De Stijl

De Stijl Art – Discovering the De Stijl Movement

According to the De Stijl art definition, the De Stijl movement was founded by a group of Dutch abstract artists that created an art style centered around strict vertical and horizontal geometry. The De Stijl movement was established in 1917 by two abstract art pioneers, Theo van Doesburg and Piet Mondrian, and began as a publication. This publication became an outlet for Mondrian’s views on art, and in a number of essays in the magazine’s early editions, he talked about what he wanted to achieve and used the word “neoplasticism”, possibly for the first time. In today’s article, we shall be exploring De Stijl art, De Stijl architecture, De Stijl painting, and important De Stijl artists.



Exploring the De Stijl Movement

Based in the Netherlands, the abstract style of the De Stijl movement centered on fundamental visual components such as the use of basic geometric shapes and primary colors. The more minimalist quality of De Stijl art was envisaged by its designers as a global visual language suited to the contemporary period, an era of a new, spiritualized order of the world, partially in reaction to the ornamental excesses of the Art Deco style. De Stijl artists used this approach in a variety of mediums in both the fine and applied arts.
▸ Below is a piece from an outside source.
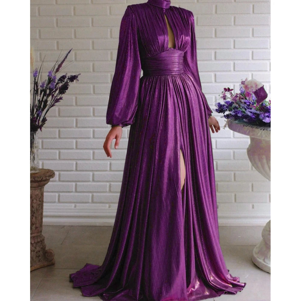 # VOODIEX Women Slit Long Sleeve Maxi Party Dress Sexy Evening Dress Command attention in this striking maxi party dress, expertly designed with a bold slit and long sleeves for sophisticated allure. The extended length provides elegance while the strategic slit adds contemporary edge and movement. Long sleeves offer refined coverage without compromising the dress's captivating silhouette. Perfect for evening galas, upscale celebrations, or formal events, this piece balances sensuality with polished restraint. The streamlined design flatters the figure while the dramatic slit ensures you make a memorable impression with understated confidence and modern glamour.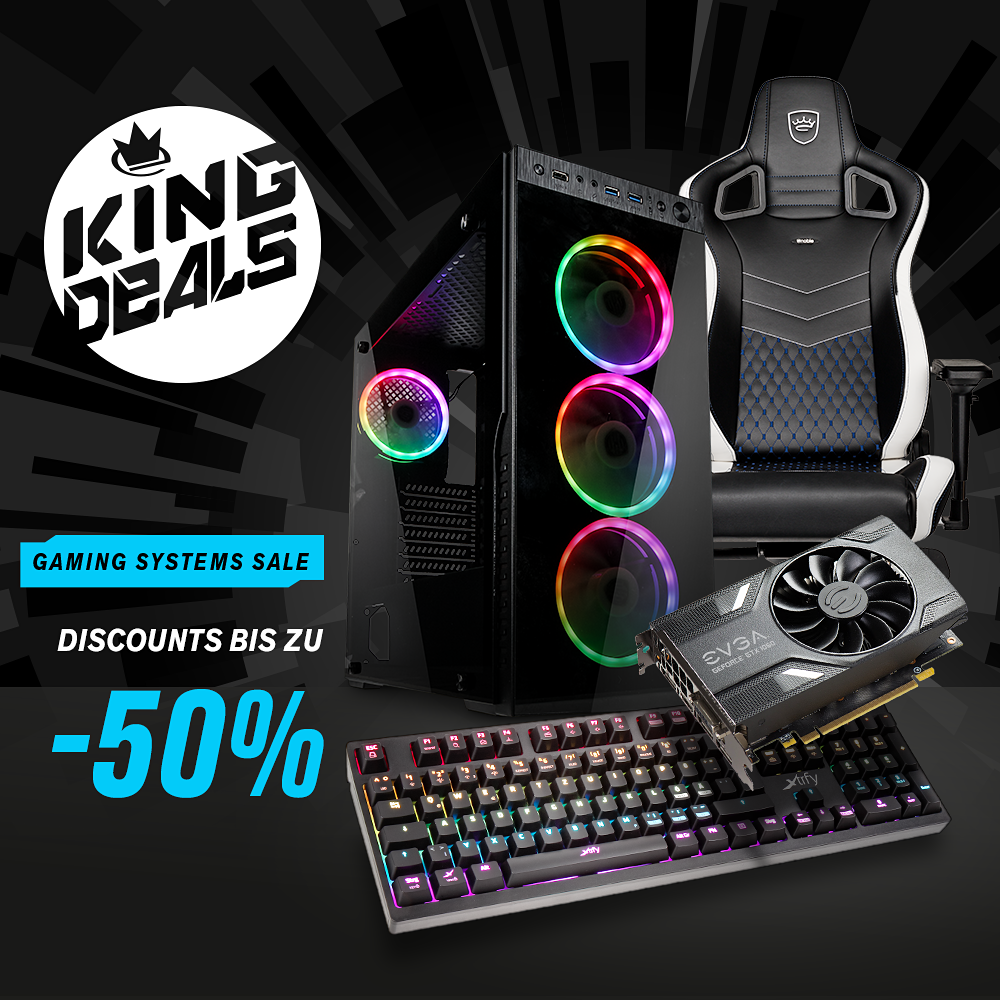 Besonders interessant für Schnäppchenjäger werden neben den zahlreichen Komponenten auch einige Gaming-Rechner sein. Die King Deal Gaming-Systeme wurden von Caseking auf Messen oder Events wie der gamescom 2018 bereits genutzt. Es handelt sich somit um vollkommen funktionsfähige Ausstellungsstücke, die nach den Events vom King Mod-Team ausgiebig getestet und geprüft wurden, um einen makellosen Zustand zu garantieren. Dadurch, dass sie nicht mehr vollkommen neu sind und wie üblich nach Kundenwunsch montiert wurden, können sie zu einem unschlagbar günstigen King-Deal-Preis angeboten werden.

DeStijlFurniture (1919) by Vilmos Huszar; Sailko, CC BY 3.0, via Wikimedia Commons

Members of the De Stijl movement promoted their creative ideas in their publication from which the movement took its name, imagining the ideal synthesis of function and form, thus rendering De Stijl the ultimate style. To achieve this goal, De Stijl artists focused not just on fine art mediums like De Stijl painting and sculpture, but also on nearly every other art form, including typography, industrial design, literature, and music. The movement’s effect was arguably most noticeable in De Stijl architecture, where it contributed to the development of the renowned International Style which rose to popularity in the 1920s and 1930s.
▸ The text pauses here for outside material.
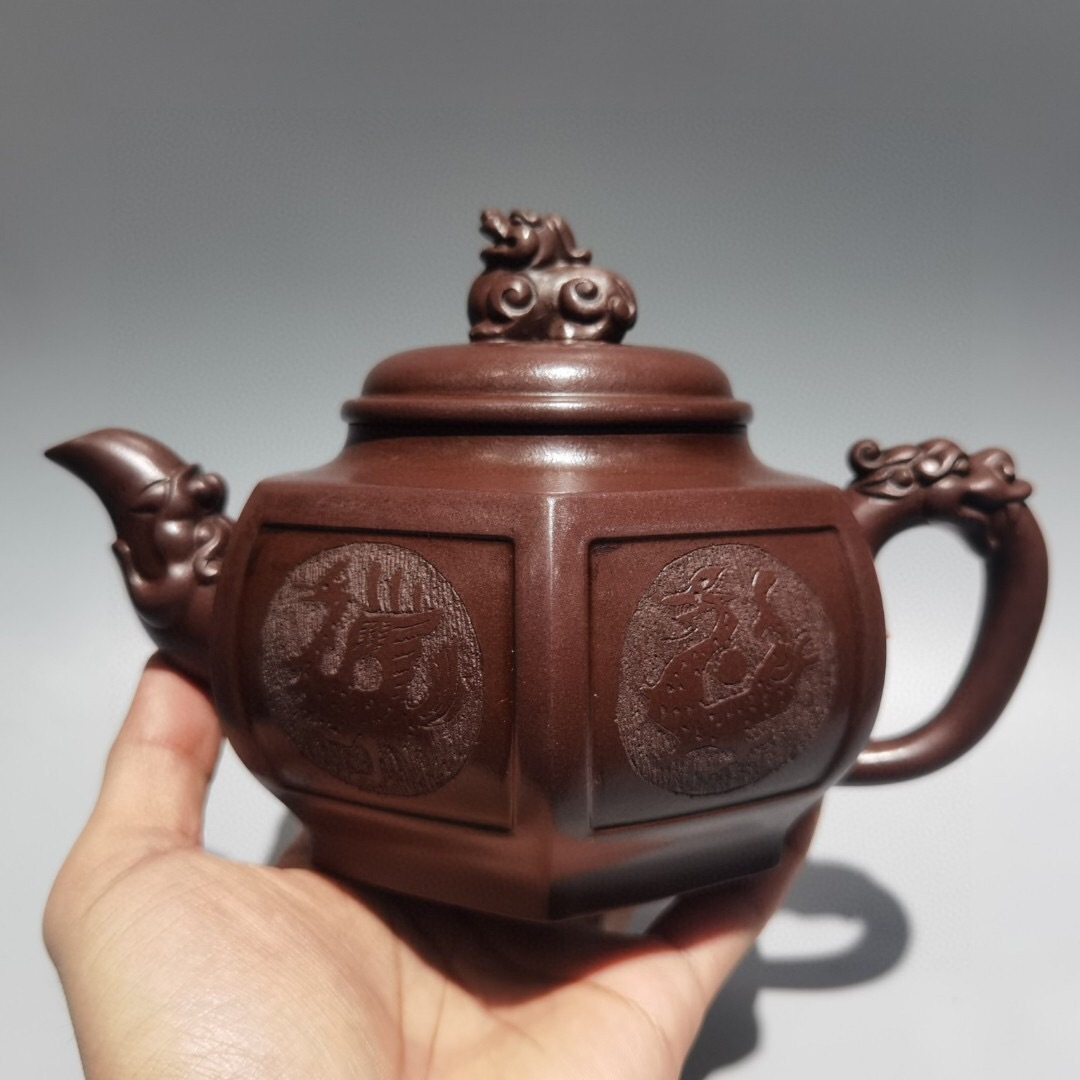 - 蔵友旧蔵出 紫砂壺 六方龍尊壺 徐漢棠款 原礦老紫泥 盒付 茶道品 煎茶道具 文房賞物 希少珍品 中国古玩 中国古美術品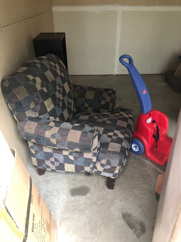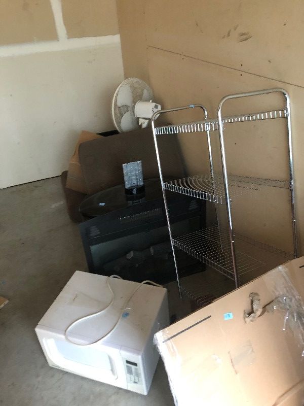 Drive up unit - easy access - Fireplace, Couch, upholstered chair, boxes, table, 2 large pictures, microwave, KIDS cart/car, wire rack, 2 shelves. a few boxes. fan.

The Important Ideas of the De Stijl Movement

De Stijl, which translates to “the style” in Dutch, originated primarily as a reaction to the tragedies of World War I and an urge to reconstruct society in its wake, as did other avant-garde groups of the period. Members of the De Stijl movement adopted an idealistic concept of art and its transformational power, considering it a method of both social and spiritual restoration.  De Stijl artists were among the first to advocate a visual language comprised of perfectly drawn geometric forms – mainly straight lines, shapes such as rectangles and squares, and the use of primary colors. This minimalist language was intended to demonstrate the principles guiding the world’s harmony, reflecting the artists’ yearning for something universal, as individuality began to lose its significance. While De Stijl artists made artwork that embodied the movement’s utopian goals, their conclusion that this ideal was unreachable in the real world led to the group’s dissolution.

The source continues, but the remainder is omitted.